Uma Ramanan is an Indian playback singer, singing predominantly in Tamil. She is also a Live stage performer who has performed for more than 6,000 concerts spanning 35 years. She hails from Tamil Nadu state of India.

Personal life and background 
While at studies, Uma had gone through her classical music training under Pazhani Vijayalakshmi. She participated in many inter-collegiate competitions and won several rewards and accolades. Later, she met A. V. Ramanan, a Television host, performer and actor, who was on the look out for fresh voices for his stage concerts. From then, Uma and Ramanan became duo stage performers. They are married and have a son who also is a budding musician. She also is a dancer trained under Padma Subrahmanyam.

Career

Playback singing 

During Uma's engagement with Ramanan's stage shows, noted producer — cameraman, Janakiraman offered both of them a duet in his 1976 released Hindi film Play Boy. The same pair got an offer to sing for the Tamil film Shri Krishna Leela in 1977 directed by A. P. Nagarajan and one of the last assignments of composer S. V. Venkatraman. In 1980, she sang for the A. V. Ramanan composed film Neerottam. However, it was "Poongathave Thaal Thirava" song for the film Nizhalgal released in the same year and composed by Ilayaraja that brought her to the front running singers list. It gave her a big career break and she went on to record more than 100 songs with Ilayaraja alone. She has also sung for other music directors namely Vidyasagar, Deva and Mani Sharma.
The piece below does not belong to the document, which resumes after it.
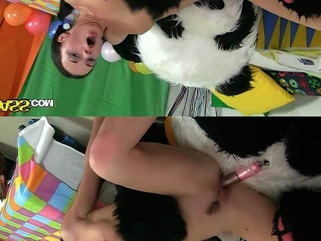 Pigtailed teen has unforgettable sex fun with sex-crazy dude in panda costume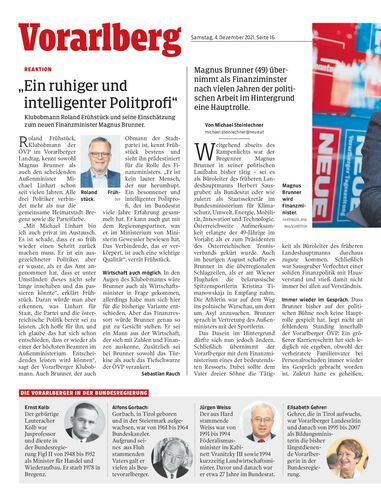 Klubobmann Roland Frühstück und seine Einschätzung zum neuen Finanzminister Magnus Brunner.

Professional Rapport with Ilayaraja 

Uma Ramanan along with some of her contemporaries is considered to be one of the rare finds of Ilayaraja in his career. She has recorded some of her career best songs under the music composition of Ilayaraja.

Some of her major hits with Ilayaraja include :
 1980 – "Poongathave Thaal Thirava" (Nizhalgal)
 1980 – "Aasai Raaja Aariroe" (Moodu Pani)
 1981 – "Aanada Raagam" (Panneer Pushpangal)
 1981 – "Manjal Veyyil" (Nandu)
 1981 – "Amudhae Thamizhae" (Kovil Pura)
 1981 – "Vaanamae Mazhai Maegamae" (Madhu Malar)
 1981 – "Daaham Edukira Naeram" (Enakaaga Kaathiru)
 1981 – "Palli Araikkul" (Baala Naagammaa)
 1982 – "Bhoopalam Isaikkum" (Thooral Ninnu Pochchu)
 1983 – "Sevvandhi Pookalil" (Mella Paesungal)
 1983 – "Sevvarrali Thotathilae" (Bhagavathipuram Railway Gate)
 1983 – "Aathaadi Adhisayam" (Manavi Sollae Mandhiram)
 1984 – "Kasthuri Maane" (Pudhumai Penn)
 1984 – "Kaadhil Kaetadhu Oru Paatu" (Anbae Odi Vaa)
 1984 – "Maegham Karukkayilae" (Vaidehi Kaathirunthaal)
 1985 – "Kanmani Nee Vara" (Thendrale Ennai Thodu)
 1985 – "Ponn Maanae" (Oru Kaidhiyin Diary)
 1986 – "Yaar Thoorigai" (Paaru Paaru Pattinam Paaru)
 1990 – "Nee Pathi Naan Pathi Kanne" (Keladi Kanmani)
 1990 – "Aagaya Vennilave" (Arangetra Velai)
 1990 – "Unna Paartha Nerathula" (Mallu Vetti Minor)
 1994 – "Ooradangum Samathile" (Pudhupatti Ponnuthayi)
 1994 – "Sri Ranga Ranganathanin" (Mahanadi)
 1995 – "Nil Nil Nil Badhil Sol" (Pattu Paadava)
 1995 – "Velli Nilave" ("Nandhavana Theru")
 1995 – "Poochudum punnivaname" ("Aanazhagan")

Discography

References

External links 

Tamil playback singers
Indian women playback singers
21st-century Indian singers
Singers from Chennai
Tamil singers
Telugu playback singers
Living people
Women Carnatic singers
Carnatic singers
21st-century Indian women singers
Women musicians from Tamil Nadu
Indian women classical singers
Year of birth missing (living people)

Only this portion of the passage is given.